Exercise description
Print the lines of the entries below from the one with "仮設切梁支保工撤去完了状況" through the final line, exactly as they appear. The pictures are not part of the copy.

Material provided
* * *
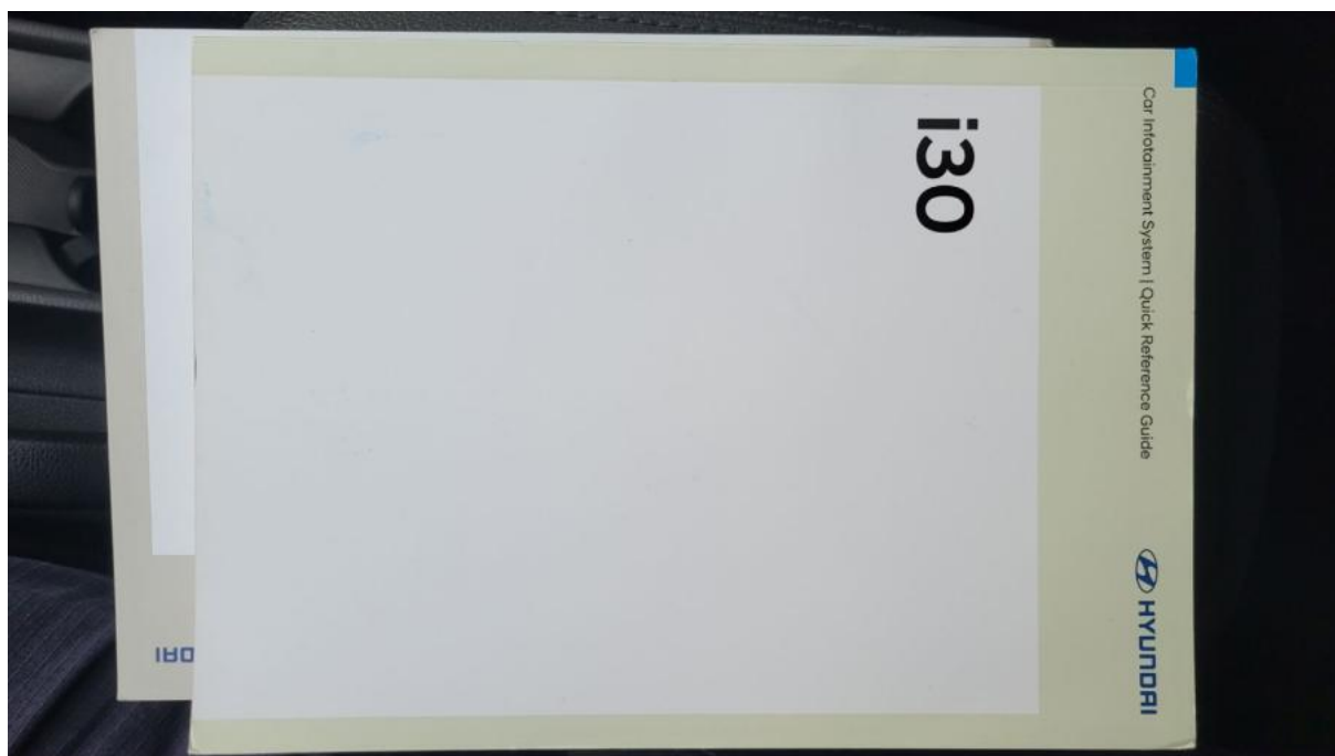
Fot. 32 Instrukcje
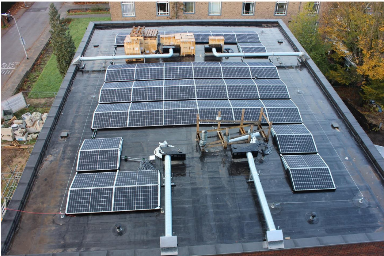
Zonnepanelen op het dak van de laagbouw
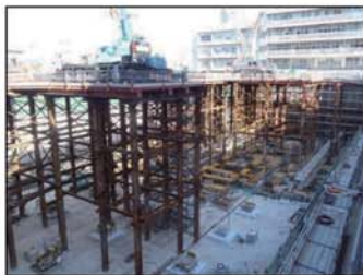
仮設切梁支保工撤去完了状況
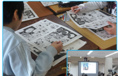
つくば市立吾妻小学校「道徳」の授業の様子
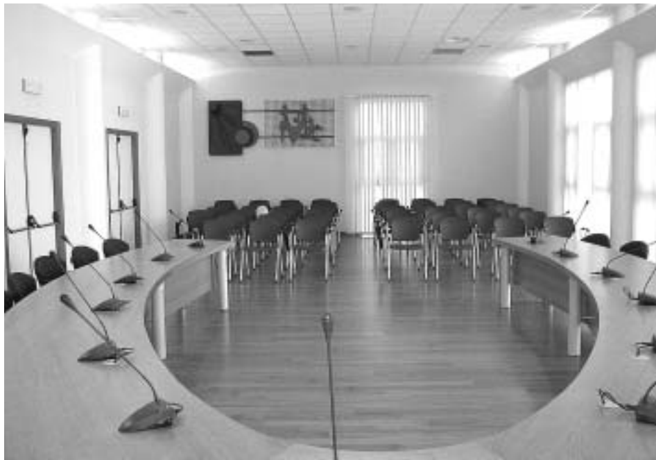
La sala consiliare

L'edificio ristrutturato ha ospitato gli scolari di alcune classi delle scuole elementari sino al termine dell'anno scolastico 2000-2001. Nella primavera del 2001 è stato affidato l'incarico per la redazione del progetto che abbiamo approvato nella sua versione esecutiva alla fine dell'anno. I tempi tecnici necessari allo svolgimento della gara d'appalto hanno fatto sì che i lavori venissero affidati all'impresa vincitrice nel mese di marzo del 2002 con scadenza degli stessi nel mese di giugno del 2003. Nel corso dei lavori si è manifestata l'esigenza di intervenire per variare parzialmente il progetto al fine di mascherare per quanto possibile gli antiestetici ma necessari filtri dell'acquedotto che, dalla posizione originale, erano poi stati previsti sulla via XXV aprile. La soluzione adottata, cioè l'interramento totale dei serbatoi, ha con-
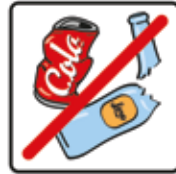
Keinen Müll auf den Boden werfen
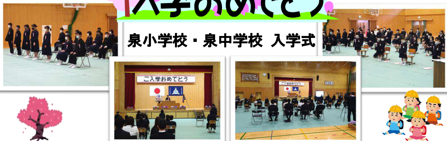
泉小中学校 入学式
* * *
Written response
仮設切梁支保工撤去完了状況
つくば市立吾妻小学校「道徳」の授業の様子
La sala consiliare

L'edificio ristrutturato ha ospitato gli scolari di alcune classi delle scuole elementari sino al termine dell'anno scolastico 2000-2001. Nella primavera del 2001 è stato affidato l'incarico per la redazione del progetto che abbiamo approvato nella sua versione esecutiva alla fine dell'anno. I tempi tecnici necessari allo svolgimento della gara d'appalto hanno fatto sì che i lavori venissero affidati all'impresa vincitrice nel mese di marzo del 2002 con scadenza degli stessi nel mese di giugno del 2003. Nel corso dei lavori si è manifestata l'esigenza di intervenire per variare parzialmente il progetto al fine di mascherare per quanto possibile gli antiestetici ma necessari filtri dell'acquedotto che, dalla posizione originale, erano poi stati previsti sulla via XXV aprile. La soluzione adottata, cioè l'interramento totale dei serbatoi, ha con-
Keinen Müll auf den Boden werfen
泉小中学校 入学式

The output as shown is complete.